I surrender to the notion the kids will not be going back to school.  There is no way, and no easy way to say it or accept it.  Elyse’s grade two year is complete; grade three testing will not happen for Ariel and Penelope’s final preschool year has come to a close.  Penelope looks bigger these days; I hope she’s getting enough exercise.  I forget she’ll soon be four and needs to grow.  I surrender to remembering.  Her preschool director dropped by yesterday from a distance; she visited every single student from the school to let them know they are loved and missed.  I wanted to reach out, to cry, to hug her, but I kept my distance; I also wanted to tell her she is released, I’ve got her.

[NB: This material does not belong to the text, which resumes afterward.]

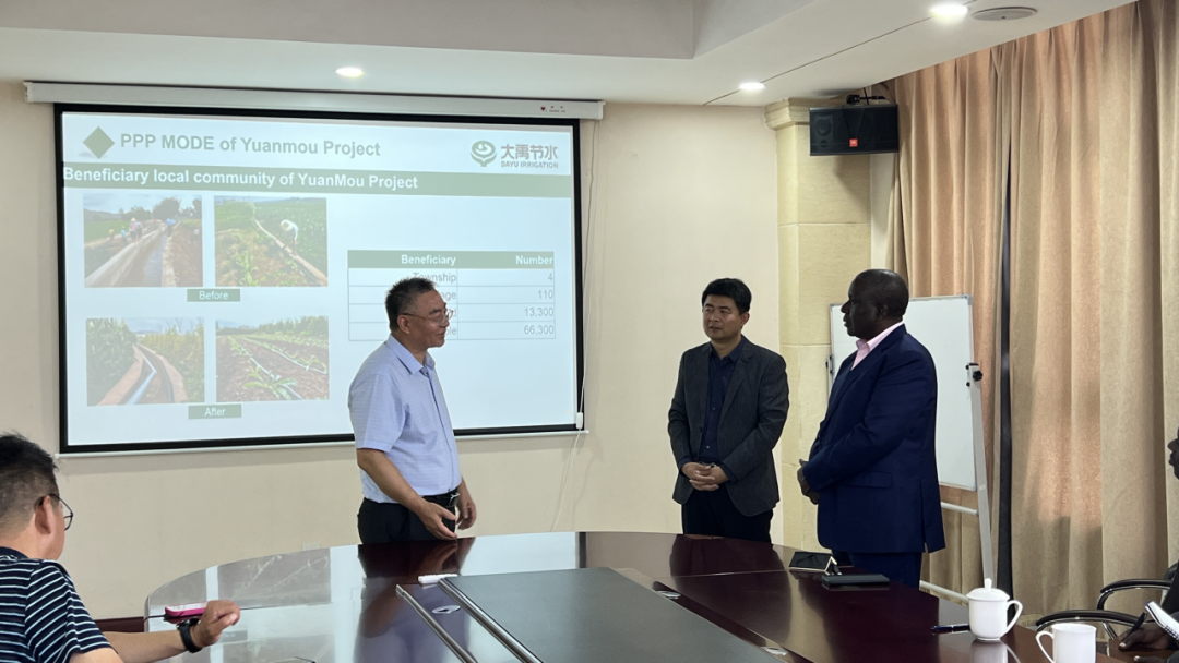 大禹节水集团首席科学家、研究院院长高占义先生详细介绍了大禹节水云南元谋项目的概况。部长先生对元谋项目表现出了极大的兴趣,希望元谋项目模式也可以在赞比亚落地实施。高院长对部长的相关问题逐一进行了详细解答。

What seems like a few months ago, but was likely longer, was a meeting with Elyse’s teachers.  I announced my plans for Elyse to learn to read on her own this year.  That was our goal.  This was supposed to be a joint venture between school and parent.  Her teacher reassures me she plans to send Elyse a weekly short book to read online; still, I have ordered Elyse her own set of books from Scholastic, a particular set of books she is familiar with because the school was sending them home before.  Before.  The realization dawned on me.  We will have to teach her to read now; it’s on us.  Maybe it always was.  I ordered those books, because while online reading and learning is okay, there’s something about having a book in your hand.  Elyse would be missing out without that book in her hand.  We can’t sell our kids short on their education and yet parents are struggling, selling themselves short.  I surrender to the responsibility of educating my children, but that’s been a bargain deal established long ago.  Since before birth; since the time of the womb.  It’s just that now I surrender to doing it full time, for a short while.  I hope it’s just a short while.  We are all struggling in our own ways.

Maybe I’m not alone.

I surrender to kindness.  To video chats with educational assistants, and a package of learning materials arriving sanitized on our doorstep.  To watching my daughter’s face light up at the gift.  To a human being thinking of the needs of another human being.  And I’m smiling through happy tears.

I surrender to the idea there are people dying.  Not to sound crass, but there are always people dying.  It’s when death feels so present, so at the surface that we flinch.  When death arrives at our neighbour’s doorstep for no apparent reason other than a shift in the wind, then we find just cause to rally and rise up against death.  To give ourselves the false reassurance that when there comes a knock at our door we’ll be able to turn death away.  I surrender to death, but I will not, I will NOT surrender to fear.  Death is ever-present, whether we choose to see that or not.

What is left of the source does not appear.